Nicol was born in Edinburgh, Midlothian, Scotland, in 1854 but immigrated to New Zealand with her family at age two. She was one of ten children of Margaret (born Cairns Smith) and David Nicol. Her father was a gardener who prospered in New Zealand. She was a teetotaller and committed Presbyterian. She taught in a Sunday School, and her work with the poor exposed her to the ills of alcohol, and she became a committed prohibitionist and member of the temperance movement.

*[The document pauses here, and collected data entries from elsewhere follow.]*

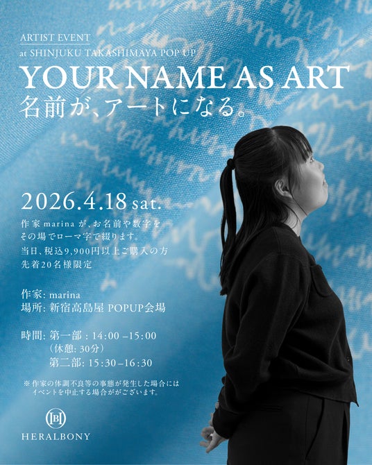 株式会社ヘラルボニー(本社:岩手県盛岡市、代表取締役Co-CEO:松田崇弥・松田文登)が展開するブランド「HERALBONY(ヘラルボニー)」は、2026年4月15日(水)から21日(火)までの7日間、新宿高島屋2階ザ・メインスクエアにてポップアップストアを開催します。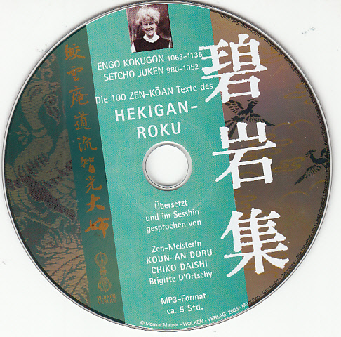 Diese 100 Koan der Sammlung HEKIGAN-ROKU der alten chinesischen Zen-Meister Setcho Juken ( 980-1051) und Engo Kokugon ( (1063-1135) gehört zu den bedeutendsten Werken buddhistischer Literatur und wird seit alters her in den Zen-Klöstern Chinas und Japans zur spirituellen Schulung benutzt. Die erste westliche Zen-Meisterin Brigitte D'Ortschy (Koun-An Doru Chiko Roshi) übersetzte diese Sammlung während ihrer Schulung in Japan aus den Originalen und trug während ihrer Sesshin in Deutschland zu diesen Kosan-Texten ihre Teisho vor. Diese MP3 ( 5 Stunden ) enthält nur die Koan-Texte.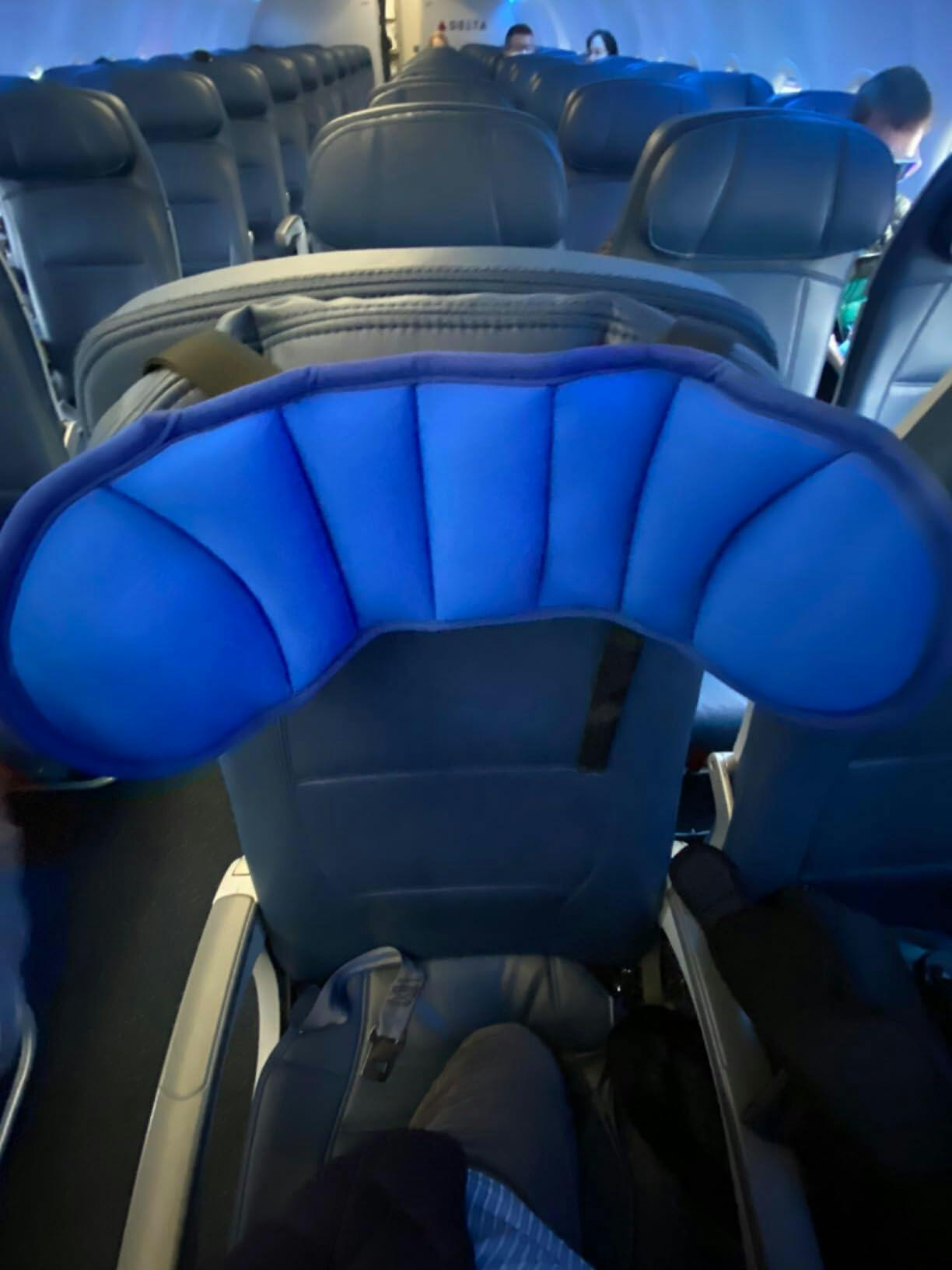 “Sleeping while seated places unnatural stress on the neck and upper spine. A well-designed support system like this helps maintain proper alignment, reduces tension, and allows the body to relax naturally — even during long flights.”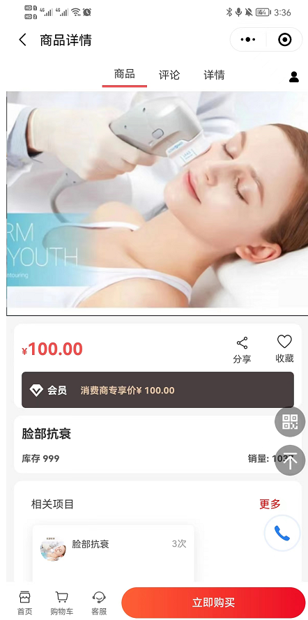 项目商品:显示包含该项目的所有预约商品,会员购买商品后即可获得预约次数。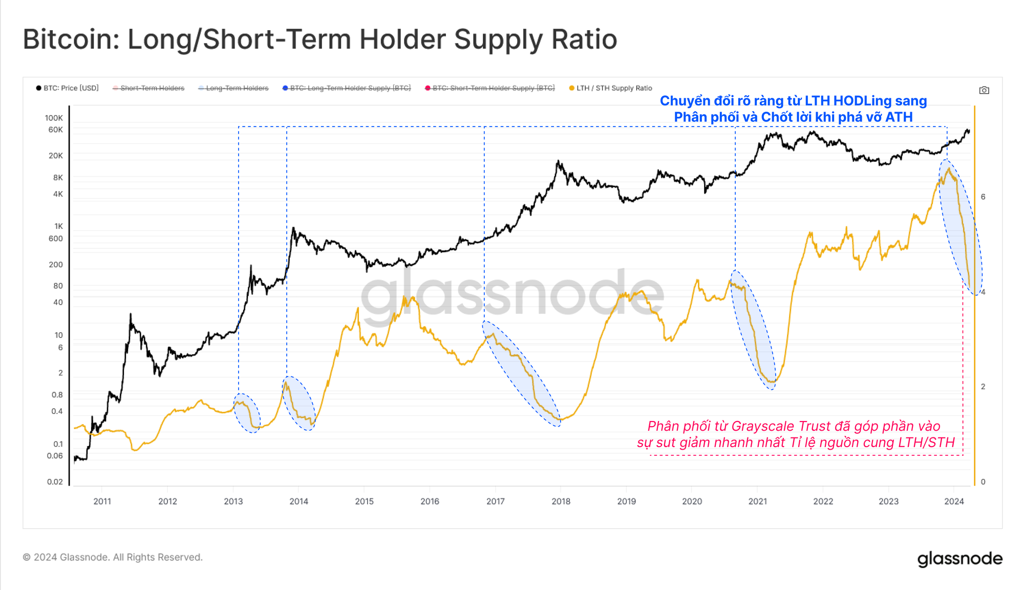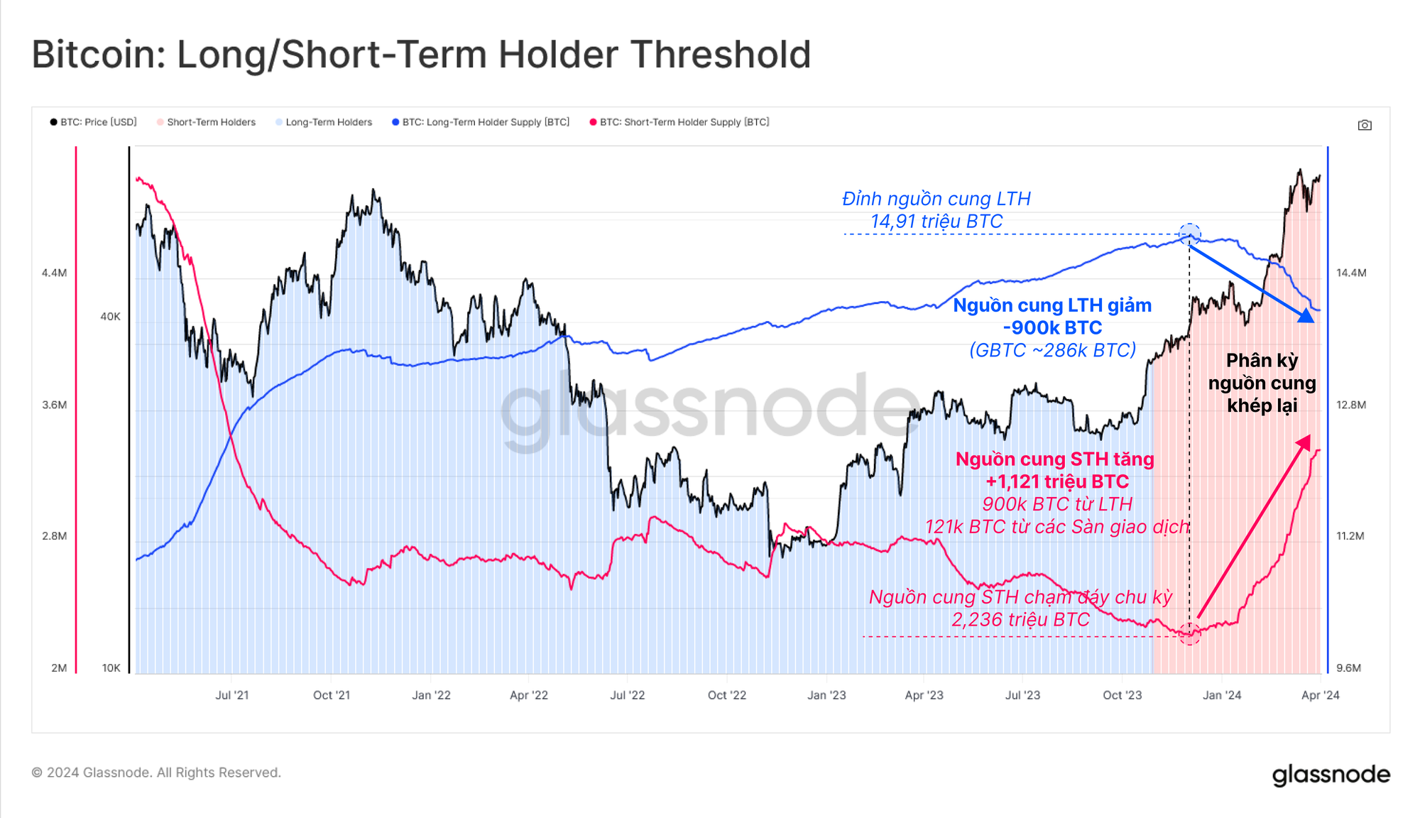 Lưu ý: Nguồn cung LTH và STH được hiển thị trên các trục y riêng biệt để dễ hình dung.
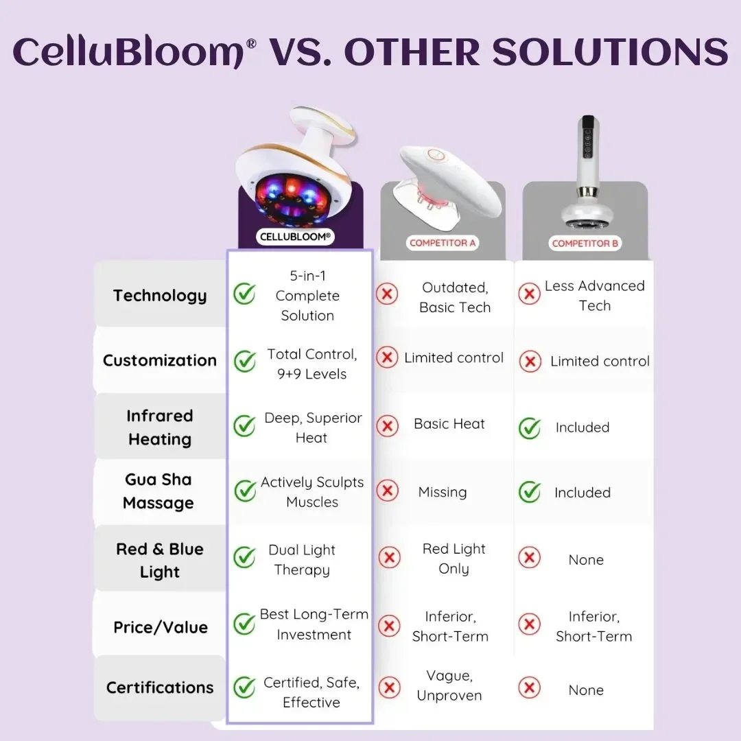 CelluBloom® combines 5 advanced technologies — dynamic cupping, Gua Sha massage, red-light therapy, blue-light therapy, and soothing heat — to target cellulite, firm loose skin, and restore your skin’s natural glow.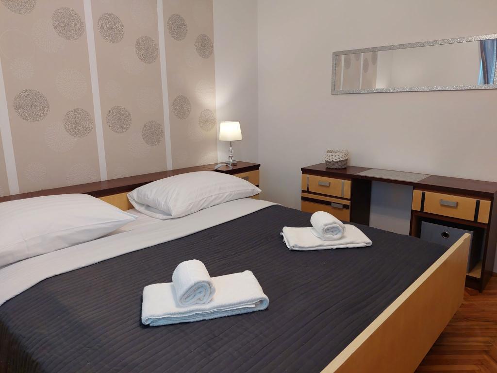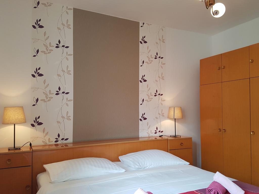 Unități de cazareVă rugăm să rețineți că rezervările pot fi făcute pentru minimum 4 nopți în perioada 01.03.-19.06., pentru minimum 7 nopți în perioada 20.06.-04.09. și pentru minimum 4 nopți în perioada 05.09.-06.10. Prețurile vor fi afișate atunci când introduceți data dorită a sejurului și numărul de persoane. Prețurile pe sezon pot fi consultate în lista de prețuri în € (în dreapta, sub imaginile unității de cazare dorite). Costuri suplimentare: înregistrare (5 EUR/persoană/o singură dată) și curățenie finală (40 EUR/per sejur). Animalele de companie nu sunt permise. Pentru o rezervare fixă, trebuie plătit un avans de 30% din prețul total al apartamentului (prin transfer bancar). Restul sumei pentru cazare și înregistrare se plătește la sosire. Check-in-ul în apartament este posibil după ora 15:00, check-out-ul se face până la ora 10:00.

It was through her association with the New Zealand branch of the Women's Christian Temperance Union that Nicol became involved in the struggle for women's suffrage in New Zealand. She became one of the pioneering leaders of the suffrage movement in Dunedin, which was New Zealand's largest city at the time. Along with Marion Hatton and Harriet Morison, Nicol established the Women's Franchise League; the alcohol lobby in Dunedin was particularly strong, and the three decided that a pro-suffrage organisation outside the temperance movement would be more effective. Through their efforts, Dunedin contributed more signatures to the three pro-suffrage parliamentary petitions than any other part of the country. She is one of six suffragists memorialised in the Kate Sheppard National Memorial, a sculpture located on the banks of the Avon River in Christchurch.

Nicol died on 22 November 1932 in Dunedin, New Zealand.